In the last decade, numerous life cycle assessments (LCAs) on environmental impacts of electricity generation with carbon capture and storage (CCS) have been conducted. This meta-analysis comprises 15 LCAs of the three CCS technologies (postcombustion, oxyfuel, precombustion) with a focus on greenhouse gas reduction for different regions (Europe, United States, Japan, global), different fuels (hard coal, lignite, natural gas), and different time horizons (between the present and 2050). It presents a condensed overview of methodological variations, findings, and conclusions gathered from these LCAs.
All LCAs show the expected reduction in global warming potential but an increase in many other impact categories, regardless of capture technology, time horizon, or fuel considered.
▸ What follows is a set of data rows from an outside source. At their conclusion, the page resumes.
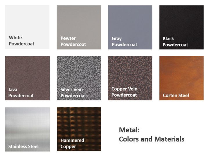 - Material: Corten Steel, Stainless Steel, Powdercoated Steel (4 Colors) or Hammered Copper. The Powdercoat finish has a slight texture. Copper will change its color into a blue/green hue over time due to its natural properties and surrounding environment. Read: What is Corten Steel?
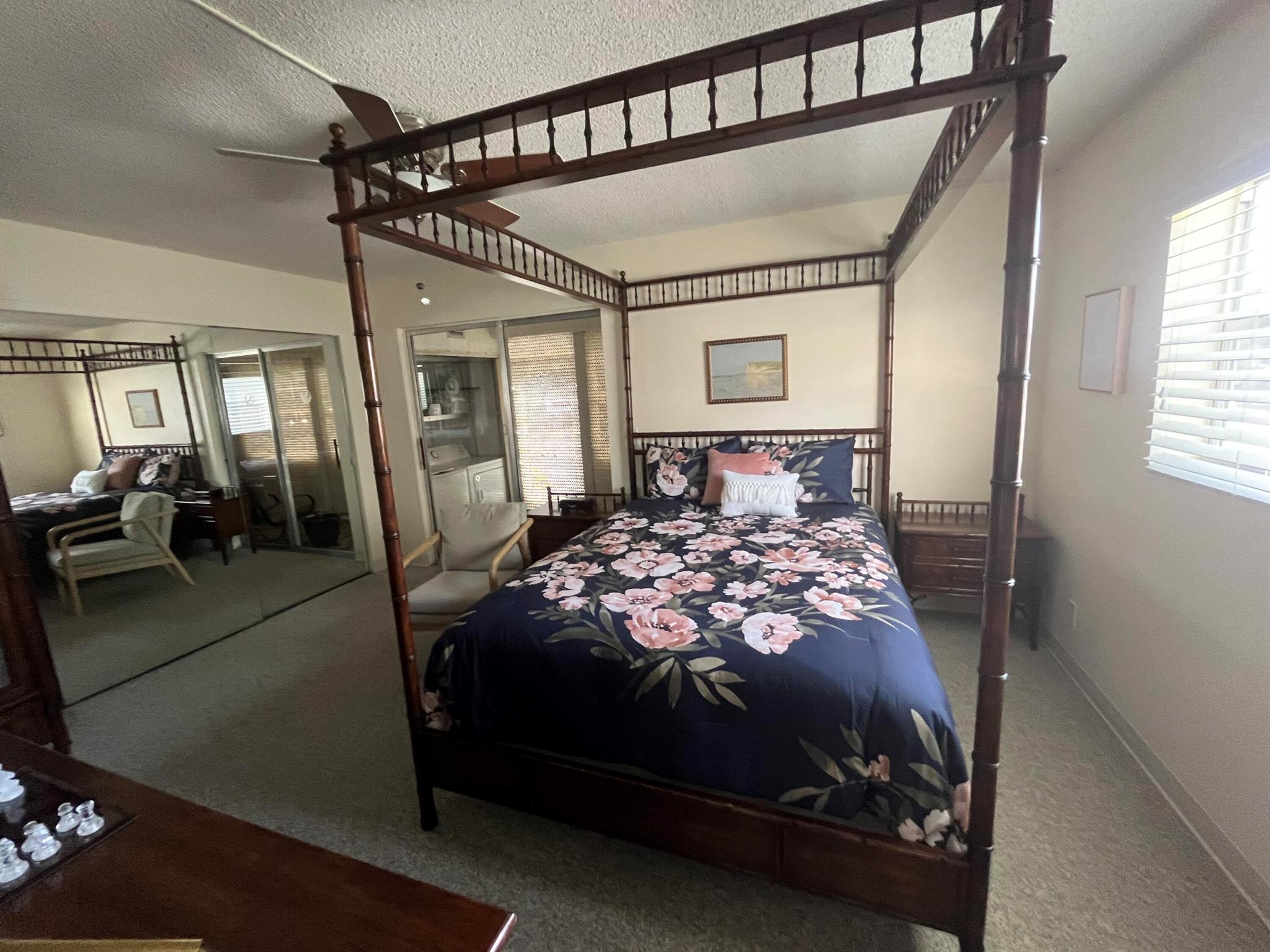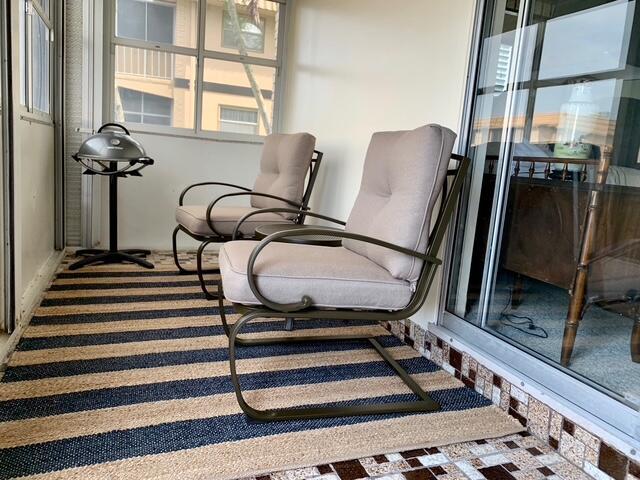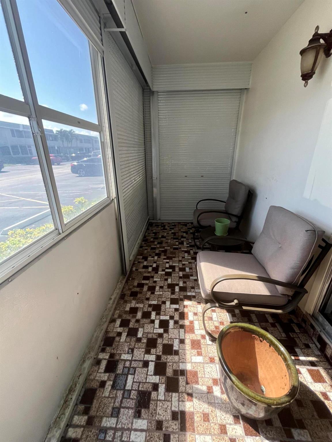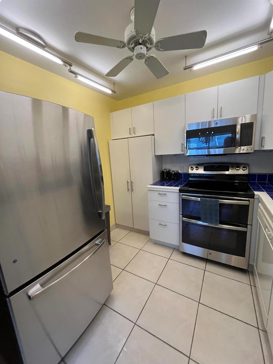 ready to move into TURNKEY...ground floor 1/1.5 unit in Monaco 'L' Very, very clean unit with updated kitchen and bathrooms. Nice neutral colored tiled flooring throughout, except for the berber carpeted primary bedroom. The kitchen boasts of stainless appl.'s with white cabinetry and white subway tiled backsplash. Bright blue tiled countertops. Additional storage cabinetry as well in that kitchen. Patio is enclosed with roll-down shutters and slider windows above that face morning sun east exposure. Park directly behind your unit and bring the groceries directly throught the patio door. No need to walk around here! Located very close to the Monaco pool and Clubhouse which houses the fabulous Bistro Restaurant (lunch and dinner). Not far from the Monaco entrance off Jog rd.
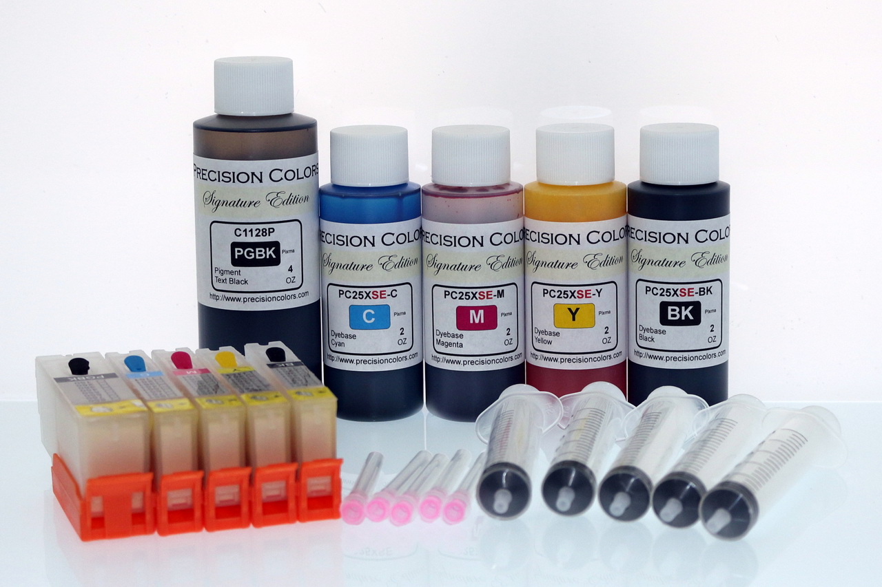The kits below are for refilling your Canon OEM Setup, Standard, and XL tanks. Drilling 7/64" holes for refill plugs is necessary
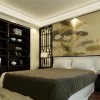 卧室采用实木装饰凹位造型吊顶,实木线勾边,古风浓郁,儒雅隽美。让原本简约大方的吊顶呈现出质朴的古感,花灯式吊灯悬挂在卧室吊顶中央,在灯光的照射下,还能给人温馨祥和之感烘托出了浓厚的古典风情。
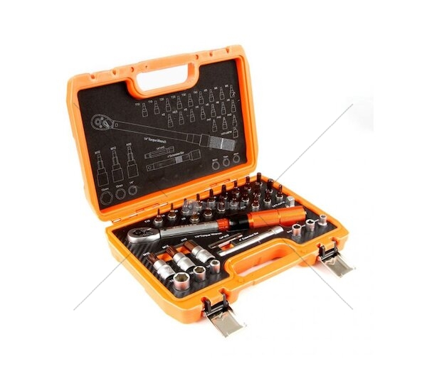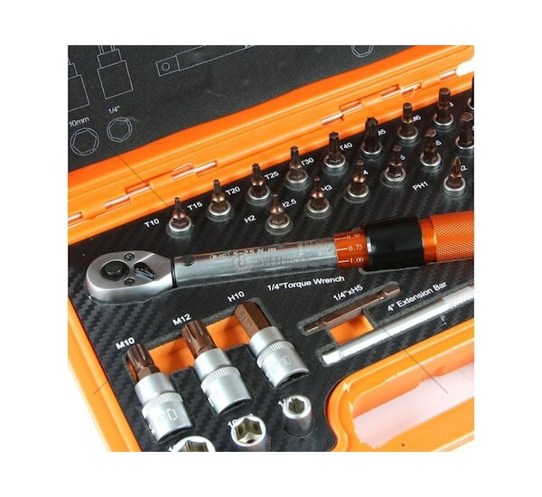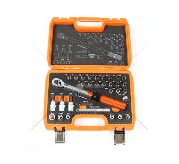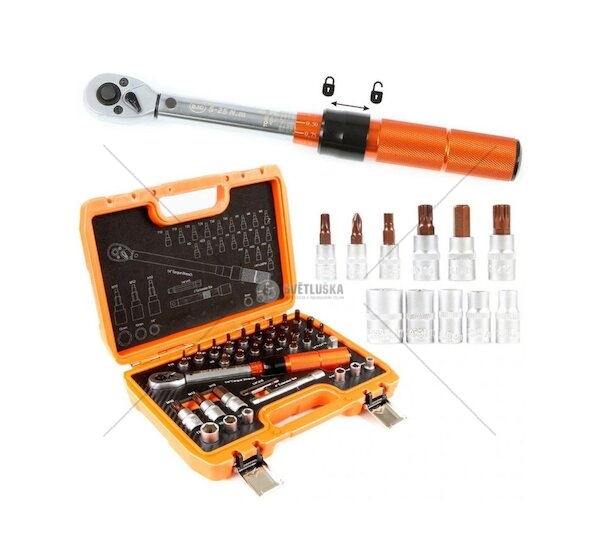 Momentový klíč 1/4", s rozsahem 5 - 25 Nm v sadě s 31 ks příslušenství, zástrčných hlavic Torx, nástrčných klíčů atd. Tato sada je zejména vhodná pro údržbu cyklistických kol a dalších zařízení, citlivých na dotahování. Tento kalibrovaný klíč je ideální volbou pro profesionály i nadšené domácí kutily, kteří vyžadují spolehlivost a přesnost při práci. S jeho pomocí lze snadno dosáhnout požadovaného momentu utažení, což je klíčové pro zajištění optimální funkčnosti a bezpečnosti mechanických sestav.

Three parameter sets have been identified that have a significant impact on the results: (1) power plant efficiency and energy penalty of the capture process, (2) carbon dioxide capture efficiency and purity, and (3) fuel origin and composition.
This meta-analysis proves that LCA is a helpful tool to investigate the variety of environmental consequences associated with CCS. However, there are differences in the underlying assumptions of the LCAs as well as methodological shortcomings that yield heterogeneity of results. Without a better understanding of the technology, it is not possible to give a comprehensive picture. There also remains a wide field of subjects and technologies that have not yet been covered.